Work to complete ▸
Below are records; copy every line in them that holds the word "with".

Material provided ▸

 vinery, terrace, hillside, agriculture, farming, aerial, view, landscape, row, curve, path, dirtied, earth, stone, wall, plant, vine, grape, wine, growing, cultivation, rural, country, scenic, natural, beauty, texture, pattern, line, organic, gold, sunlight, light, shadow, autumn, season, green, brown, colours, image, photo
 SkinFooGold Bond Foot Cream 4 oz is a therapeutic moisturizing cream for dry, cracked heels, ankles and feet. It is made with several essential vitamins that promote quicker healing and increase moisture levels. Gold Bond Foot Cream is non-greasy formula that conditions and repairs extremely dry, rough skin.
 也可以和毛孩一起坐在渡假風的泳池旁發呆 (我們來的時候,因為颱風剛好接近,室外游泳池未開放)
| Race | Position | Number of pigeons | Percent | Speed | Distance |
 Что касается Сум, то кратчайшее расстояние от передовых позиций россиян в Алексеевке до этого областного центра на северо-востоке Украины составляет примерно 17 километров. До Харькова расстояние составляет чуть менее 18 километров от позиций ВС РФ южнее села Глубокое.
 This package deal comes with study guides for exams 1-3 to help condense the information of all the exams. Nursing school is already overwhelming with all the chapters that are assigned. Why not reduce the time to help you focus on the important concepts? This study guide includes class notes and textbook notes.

---

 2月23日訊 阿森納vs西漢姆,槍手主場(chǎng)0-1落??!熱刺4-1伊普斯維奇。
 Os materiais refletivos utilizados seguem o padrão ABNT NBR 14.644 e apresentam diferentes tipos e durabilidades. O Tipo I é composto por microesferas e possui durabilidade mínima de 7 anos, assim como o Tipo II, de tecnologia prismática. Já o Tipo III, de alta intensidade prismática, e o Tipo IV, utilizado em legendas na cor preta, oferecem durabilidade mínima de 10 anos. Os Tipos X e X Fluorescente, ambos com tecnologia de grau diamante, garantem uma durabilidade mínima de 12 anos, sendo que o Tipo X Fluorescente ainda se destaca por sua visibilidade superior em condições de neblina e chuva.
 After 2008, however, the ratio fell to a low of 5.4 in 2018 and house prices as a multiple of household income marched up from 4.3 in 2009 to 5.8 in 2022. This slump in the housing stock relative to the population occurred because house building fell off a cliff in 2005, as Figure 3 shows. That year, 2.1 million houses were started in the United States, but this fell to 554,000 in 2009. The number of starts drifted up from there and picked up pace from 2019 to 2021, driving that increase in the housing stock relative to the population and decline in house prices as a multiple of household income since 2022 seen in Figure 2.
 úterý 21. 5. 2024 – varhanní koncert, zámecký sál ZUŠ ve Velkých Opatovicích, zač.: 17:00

Exercise result ▸
 SkinFooGold Bond Foot Cream 4 oz is a therapeutic moisturizing cream for dry, cracked heels, ankles and feet. It is made with several essential vitamins that promote quicker healing and increase moisture levels. Gold Bond Foot Cream is non-greasy formula that conditions and repairs extremely dry, rough skin.
 This package deal comes with study guides for exams 1-3 to help condense the information of all the exams. Nursing school is already overwhelming with all the chapters that are assigned. Why not reduce the time to help you focus on the important concepts? This study guide includes class notes and textbook notes.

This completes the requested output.